[Try it] Without copying any picture, transcribe exactly the lines of the data below from the one containing "2.6-qt Basket Air Fryer" through the one containing "Prof. Yafet Yosafet".

[Input material]
__________________________________________________
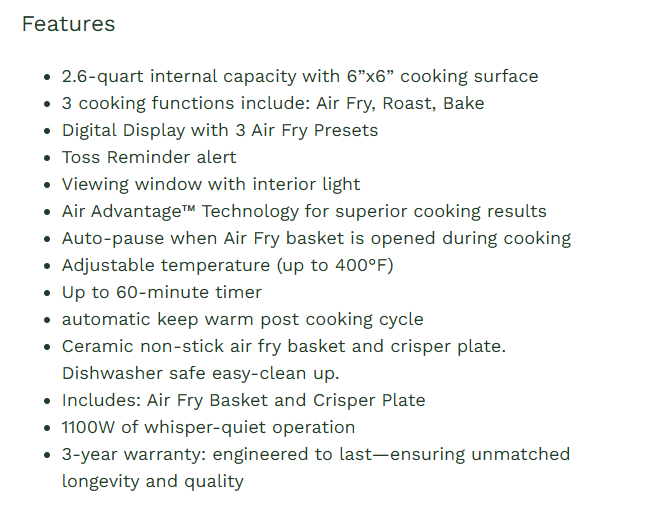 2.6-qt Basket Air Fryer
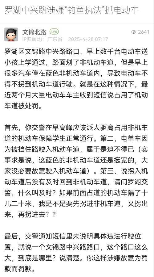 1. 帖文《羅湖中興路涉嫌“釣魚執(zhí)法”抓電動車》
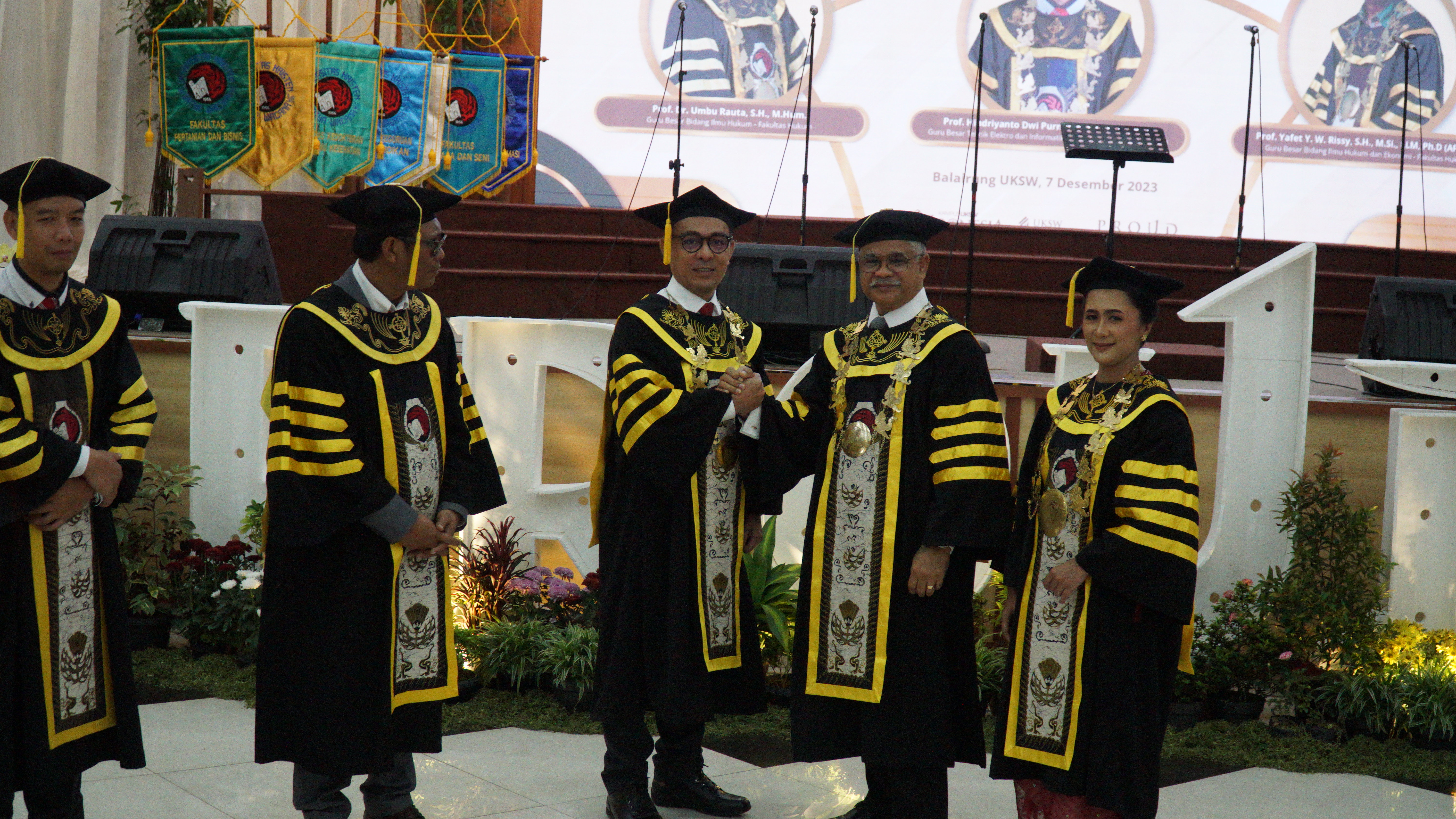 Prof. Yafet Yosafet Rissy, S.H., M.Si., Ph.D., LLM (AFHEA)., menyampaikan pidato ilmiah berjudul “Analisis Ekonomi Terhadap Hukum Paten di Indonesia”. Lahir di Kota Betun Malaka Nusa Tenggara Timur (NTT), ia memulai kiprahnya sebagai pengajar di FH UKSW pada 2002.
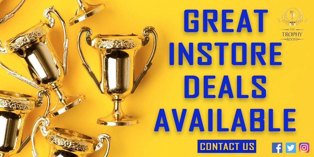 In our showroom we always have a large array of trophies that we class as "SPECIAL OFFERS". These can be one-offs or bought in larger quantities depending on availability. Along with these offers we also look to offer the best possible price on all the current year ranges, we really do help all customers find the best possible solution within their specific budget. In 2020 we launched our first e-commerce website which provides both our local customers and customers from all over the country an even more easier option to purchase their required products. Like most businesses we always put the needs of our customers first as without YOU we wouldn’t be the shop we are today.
__________________________________________________
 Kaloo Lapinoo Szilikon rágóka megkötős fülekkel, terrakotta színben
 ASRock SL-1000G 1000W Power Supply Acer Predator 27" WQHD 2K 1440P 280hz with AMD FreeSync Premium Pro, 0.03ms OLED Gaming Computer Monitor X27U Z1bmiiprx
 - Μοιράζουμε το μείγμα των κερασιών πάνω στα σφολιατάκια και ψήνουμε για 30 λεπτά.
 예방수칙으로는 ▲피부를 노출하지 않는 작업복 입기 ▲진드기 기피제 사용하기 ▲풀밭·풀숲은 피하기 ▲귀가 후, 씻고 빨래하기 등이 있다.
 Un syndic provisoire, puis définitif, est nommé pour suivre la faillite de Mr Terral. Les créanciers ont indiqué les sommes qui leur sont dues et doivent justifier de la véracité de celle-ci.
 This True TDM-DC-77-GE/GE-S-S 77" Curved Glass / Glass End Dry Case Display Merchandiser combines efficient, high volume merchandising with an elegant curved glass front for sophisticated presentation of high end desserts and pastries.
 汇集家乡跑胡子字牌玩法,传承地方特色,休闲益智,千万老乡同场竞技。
__________________________________________________
[Output of the exercise]
 2.6-qt Basket Air Fryer
 1. 帖文《羅湖中興路涉嫌“釣魚執(zhí)法”抓電動車》
 Prof. Yafet Yosafet Rissy, S.H., M.Si., Ph.D., LLM (AFHEA)., menyampaikan pidato ilmiah berjudul “Analisis Ekonomi Terhadap Hukum Paten di Indonesia”. Lahir di Kota Betun Malaka Nusa Tenggara Timur (NTT), ia memulai kiprahnya sebagai pengajar di FH UKSW pada 2002.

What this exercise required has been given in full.